The remains of Xinjiangovenator were found in the Lianmuqin Formation of Wuerho, Xinjiang, China, and were first described by Dong Zhiming in 1973. The genus is based on a single specimen, an articulated partial right lower leg, containing the tibia, three pieces of the fibula, the calcaneum and the astragalus, as well as two fused pedal phalanges. This specimen, IVPP V4024-2, is the holotype of the genus.
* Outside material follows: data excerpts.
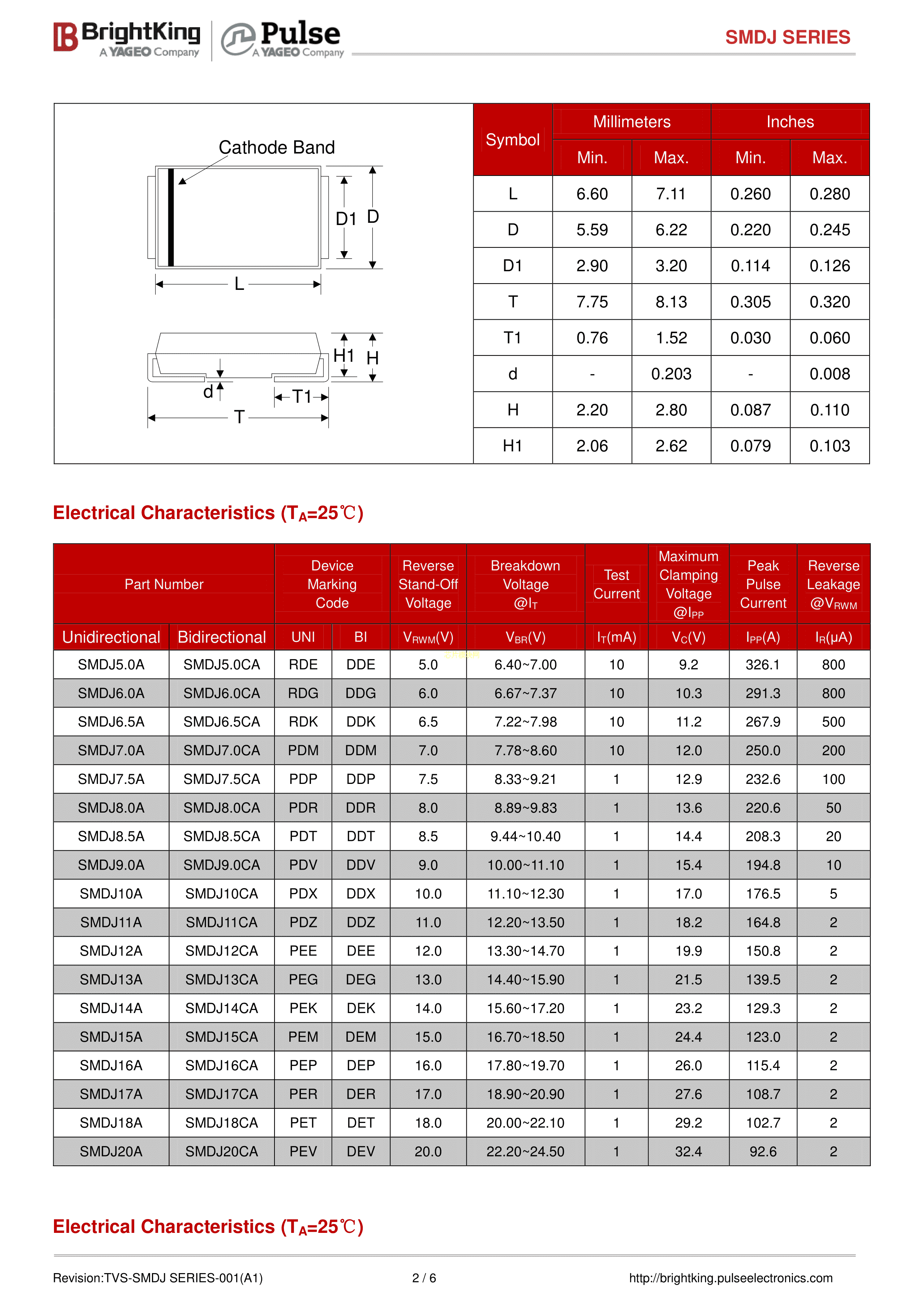 SMDJ13CA数据手册SMC(DO-214AB)封装Brightking(台湾君耀)PDF规格书,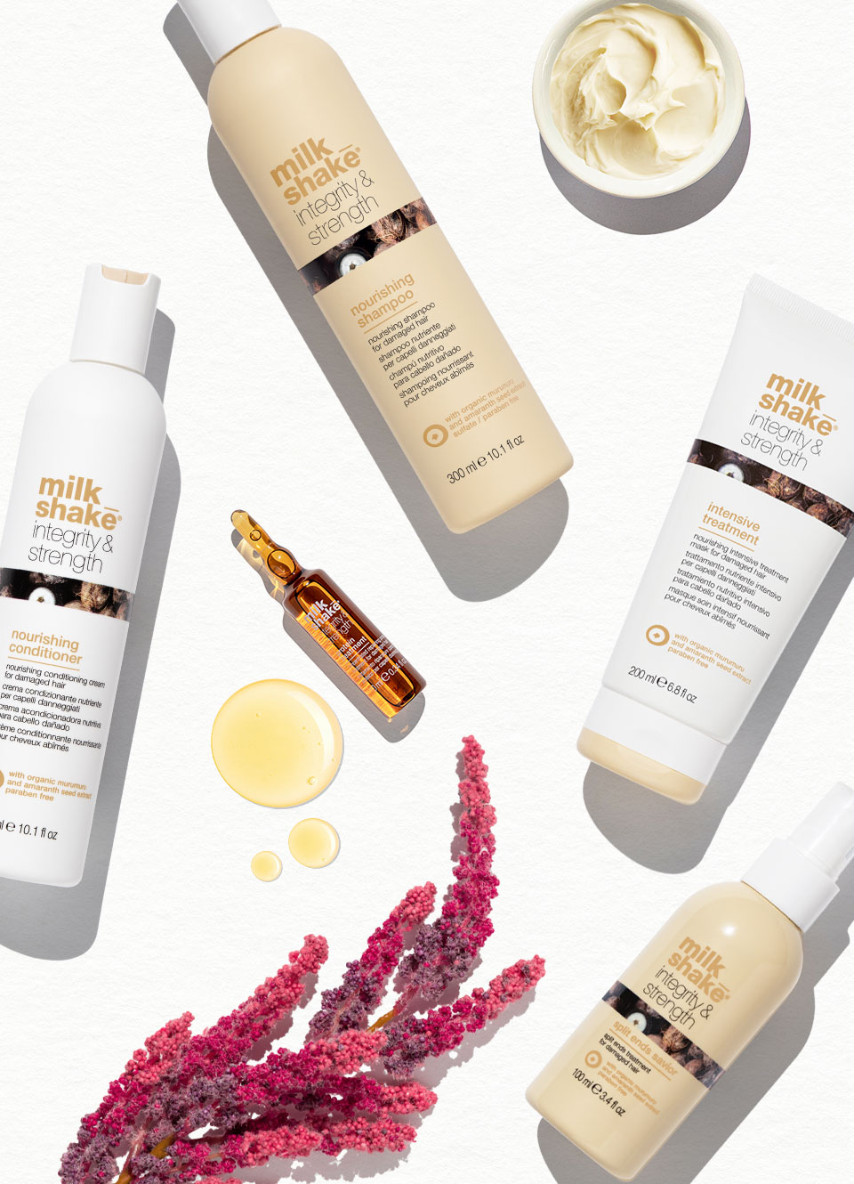 Amaranth seed extract, ORGANIC Murumuru butter, hydrolyzed keratin.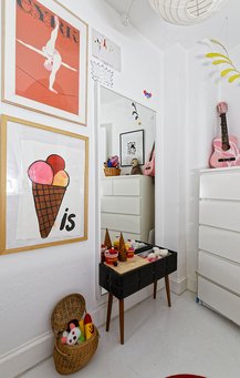 Da hun flyttede ind for fem år tidligere, var lejligheden langtfra perfekt. Men et nyt køkken, en gang maling og afhøvling af gulvene gjorde den til en passende ramme om Pia og datteren Silles liv. Hendes mor er ikke i tvivl om, at kvarteret her er børnevenligt trods det livlige natteliv.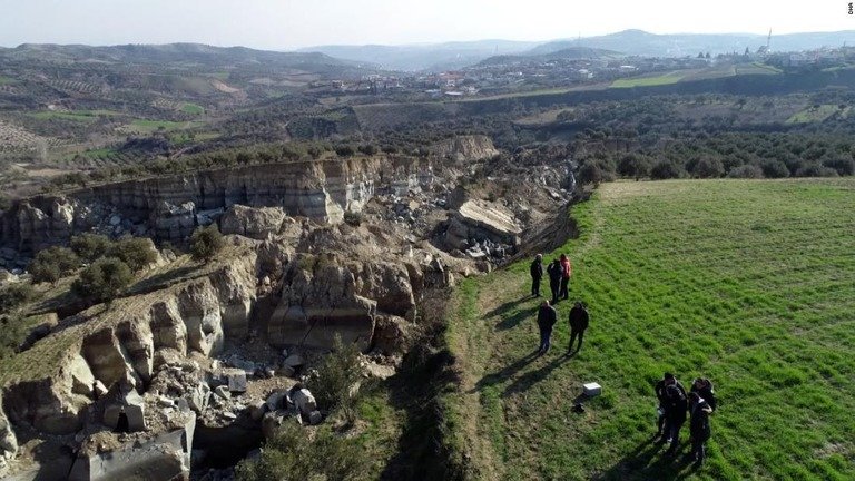 緑豊かなオリーブ園がトルコ大地震で真っ二つに割れ、幅約300メートルの谷が出現する事態となった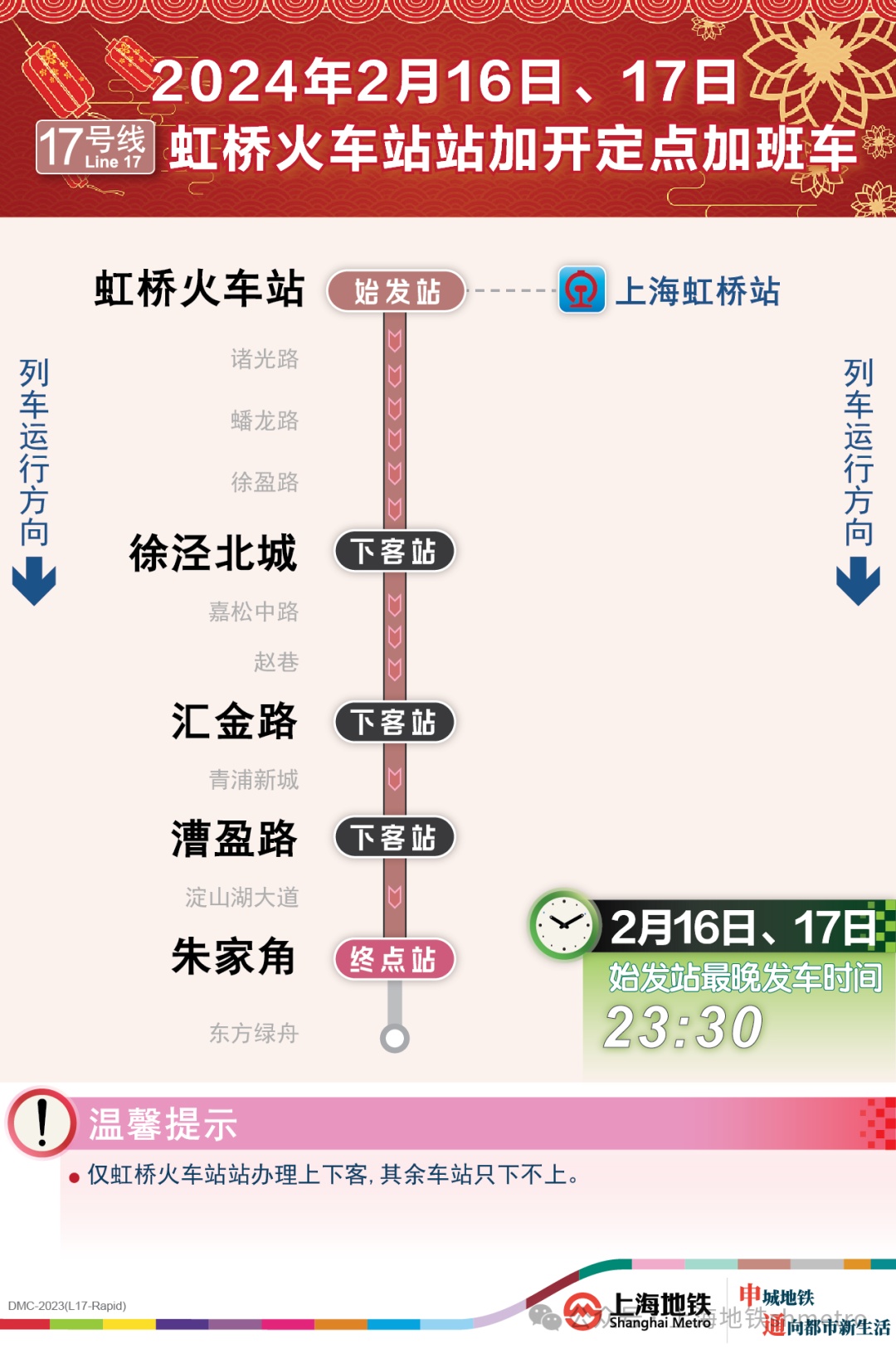 2月16日、17日(周五、周六)连续两天,地铁17号线虹桥火车站站往朱家角站方向将加开定点加班车:虹桥火车站站下行末班车(23:00)后加开2列定点加班车,虹桥火车站站发点分别为23:15、23:30。加班车沿途仅停靠虹桥火车站站、徐泾北城站、汇金路站、漕盈路站、朱家角站(终到站),其余车站跳停。停靠车站中,虹桥火车站站(始发站)办理上客,其余车站只下不上。 春运期间,每逢周日2号线虹桥火车站站夜间定点加班车延至0点。2号线定点加班车始发站虹桥火车站站,终点站龙阳路站,中途停靠虹桥2号航站楼站、淞虹路站、中山公园站、静安寺站、人民广场站及世纪大道站。其中除始发站虹桥火车站站及虹桥2号航站楼站可上下客,其余各停靠站都只能下客,途经换乘站不可换乘。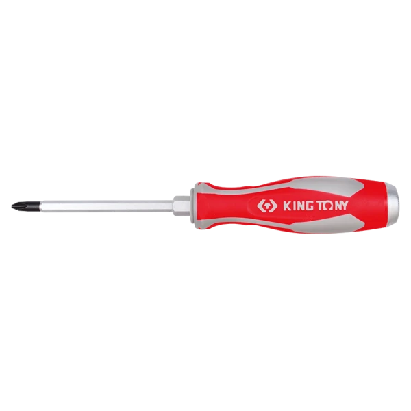 Tournevis Phillips® King Tony : performance et durabilité avec lame SNCM+V, poignée bi-matière, finition chromée, norme DIN ISO 8764. Idéal pour pros exigeants.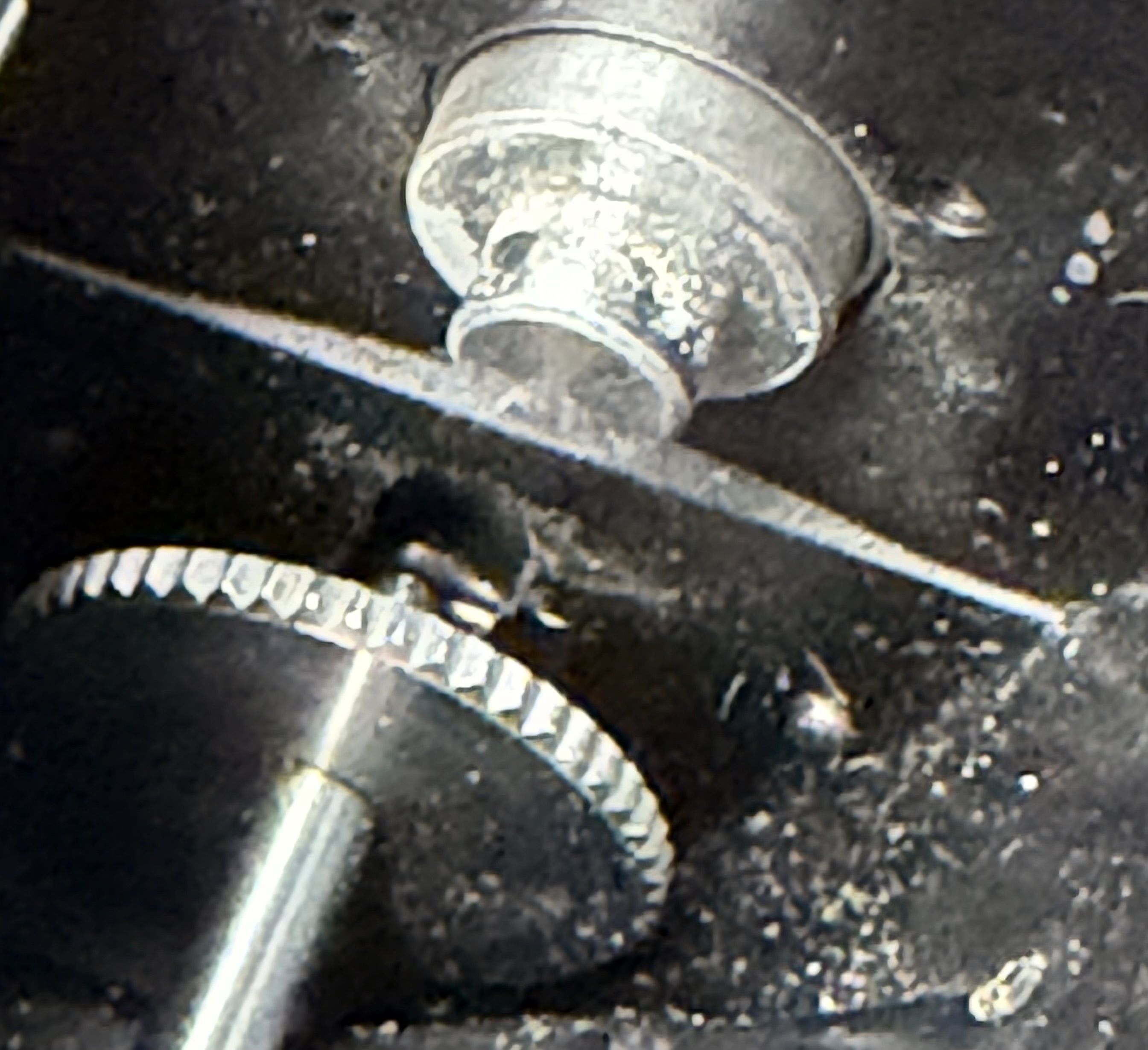 Two points- When a spool is in the top chamber, the initial question about the thin film gearing, and you use the winding lever, the silver gear may not move. Put a little pressure on the spool end above the gear while winding and see if the gear starts rolling. Ideally it will roll with some pressing on the spool. If it rolls without any pressure, all is fine.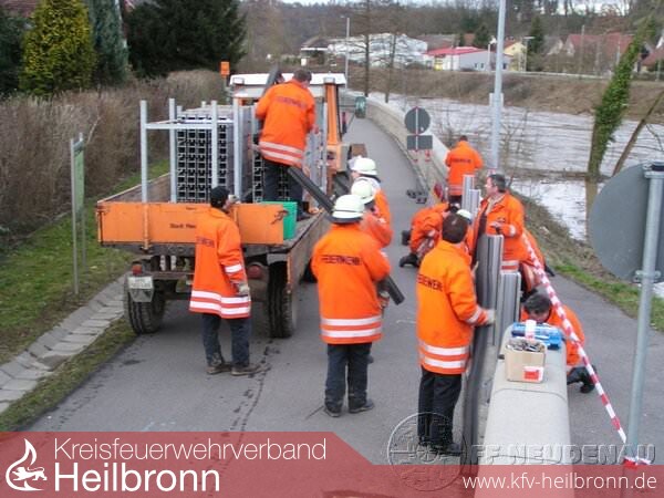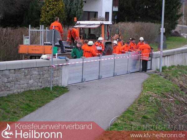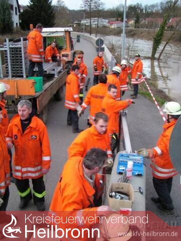Am Abend entschloss man sich dazu, den mobilen Hochwasserschutz in Herbolzheim zu installieren - das übernahmen die Besatzungen vom GW und LF10/6 aus Herbolzheim. Zum Schluss musste nochmals der Bauhof zur Reinigung eines Gehwegs unterstützt werden.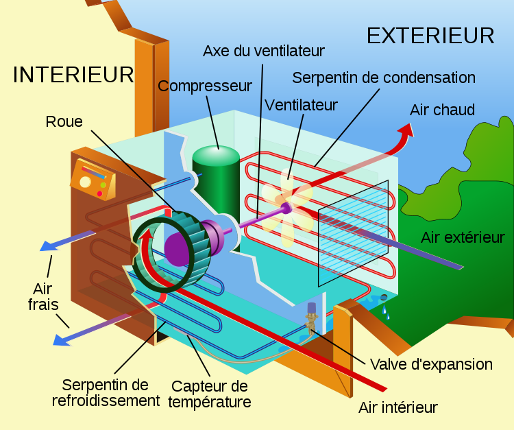 Le principe de fonctionnement d'un climatiseur est expliqué sur le schéma suivant.

The holotype was originally thought to be another specimen of Phaedrolosaurus. However, Phaedrolosaurus is based only on a non-diagnostic tooth, so the hindlimb bones were given their own genus by Oliver Rauhut and Xu Xing in 2005. The type species is Xinjiangovenator parvus. The generic name is derived from the autonomous region of Xinjiang and Latin venator, "hunter". The specific name parvus means "small" in Latin.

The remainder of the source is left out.